John Hartwig, Ph.D.

Selected Papers

This group of papers was selected to highlight work defining: new insights into the formation of platelets by megakaryocytes and their release into blood; our novel approach to understand the removal of platelets from the circulation; and last, my detailed studies into the platelet shape change reaction driven by actin.

Hartwig JH, Shevlin P. The architecture of actin filaments and the ultrastructural location of actin-binding protein in the periphery of lung macrophages. J. Cell Biol. 1986; 103:1007-1020.   
This paper marks the application of high-resolution immunoelectron microscopy by us to understand cell movement. It set the stage for our furture work on platelets below.

Gorlin JB, Yamin R, Egan S, Stewart S, Stossel TP, Kwiatkowski DJ, Hartwig JH. Human endothelial actin-binding protein (ABP-280, filamin): a molecular leaf spring. J. Cell Biol. 1990;111:1089-1105.   
Defining the structure of human filaminA (ABP-280) was a monumental task in 1990. At the time this was the largest protein sequenced. This protein accounts for 3% of the total protein of a blood platelet and links the von Willebrand factor receptor to the platelet actin cytoskeleton. This linkage aligns this receptor on the resting platelet surface and is the major cytoskeleton-plasma membrane linkage in the platelet as explored in the following paper.

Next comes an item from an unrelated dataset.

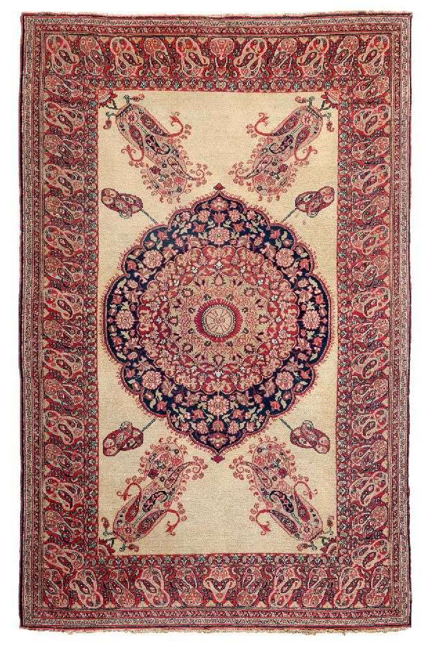 Rare, fin et original Dorochk (région de Meched et khorassan ) vers 1880. Velours en laine soyeuse de qualité sur fondations en coton. Bel état de conservation. Bon état général. Légère oxydation en lisière. Tache au dos. Champ ivoire à très large médaillon central floral polylobé bleu nuit et rubis en forme de diamant stylisé entouré de botehs (symbole de la genèse et de la fécondité, motif de la graine que l'on retrouve dans les châles cachemires) en symétrie. Quatre originaux écoinçons à coupelles de compositions de botehs finement dessinés polychromes. Six bordures dont la principale rubis à décor rappelant les écoinçons.

Hartwig JH, DeSisto M. The cytoskeleton of the resting human blood platelet: structure of the membrane skeleton and its attachment to actin filaments. J. Cell Biol. 1991;112:407-425.   

Hartwig JH. Mechanisms of actin rearrangements mediating platelet activation. J. Cell Biol. 1992;118:1421-1442.   
The combination of these two papers defines the work of my laboratory. Insight gathered includes defining the linkages of the actin cytoskeleton to the plasma membrane. It remains the definitive work on the structure of the resting and active platelet cytoskeleton. The location of barbed end nucleation sites that are exposed/formed during platelet activation through the thrombin receptor is detailed.

Winokur R, Hartwig JH. Mechanism of shape change in chilled human platelets. Blood. 1995;85:1796-1804.   
This work, while only published in blood, sets the stage for publication #10 below. It was a critical diversion into understanding the effect of cooling on platelets. It shows that platelets change shape when cooled because actin assembly is induced.

Hartwig JH, Bokoch GM, Carpenter CL, Janmey PA, Taylor LA, Toker A, Stossel TP. Thrombin receptor ligation and activated Rac uncap actin filament barbed ends through phosphoinositide synthesis in permeabilized human platelets. Cell. 1995;82:643-653.   
This paper demonstrates the utility of studying signal transduction to actin in permeabilized platelets. It defined a pathway running from the PAR-1 receptor to the small GTPase rac to PIP 5-kinase to form PI4,5P2 that is required for the formation of barbed end nucleation sites in activated platelets.

Barkalow K, Witke W, Kwiatkowski D, Hartwig J. Coordinated regulation of platelet actin filament barbed ends by gelsolin and capping protein. J. Cell Biol. 1996;134:389-399.    
The first definitive cataloging of the interaction of barbed end capping proteins with actin as the actin cytoskeleton is remodeled following receptor ligation.

Italiano Jr JE, Lecine P, Shivdasani RA, Hartwig JH. Blood platelets are assembled principally at the ends of proplatelet processes produced by differentiated megakaryocytes. J. Cell Biol. 199;147:1299-1312.   
Having spent 10 years studying the structure of the platelets, it was a true revelation to dissect how platelets are produced by megakaryocytes. This paper changed the dogma on platelet production demonstrating that platelets do not form in the body of megakaryocytes but instead assemble at the ends of long proplatelet processes. It described an actin driven mechanism used by megakaryocytes to bifurcate the shafts of proplatelet and thereby amplify the number of platelet production sites.

McGrath JL, Osborn EA, Tardy YS, Dewey Jr CF, Hartwig JH. Regulation of the actin cycle in vivo by actin filament severing. Proc. Natl. Acad. Sci, USA. 2000;97:6532-6537.   
This paper marks the first use of actin-binding protein deficient cells to study the dynamics of actin turnover and demarcates the requirement for gelsolin-mediated filament severing for the normal actin filament turnover reaction.

Hoffmeister, KM, Felbinger, TW, Falet, H, Denis, CV, Bergmeier, W, Mayadas, TN, von Andrian, UH, Wagner, DD, Stossel, TP, and JH Hartwig. The clearance mechanism of chilled blood platelets. 2003; Cell: 112:1-20.   
This paper, and the most resent Science followup, demonstrate the power of defining the receptor-counter-receptor that mediates the removal of platelets exposed to the cold from the circulation. It provides novel insight in the removal mechanism as well as insight into the unique temperature sensing ability of platelets.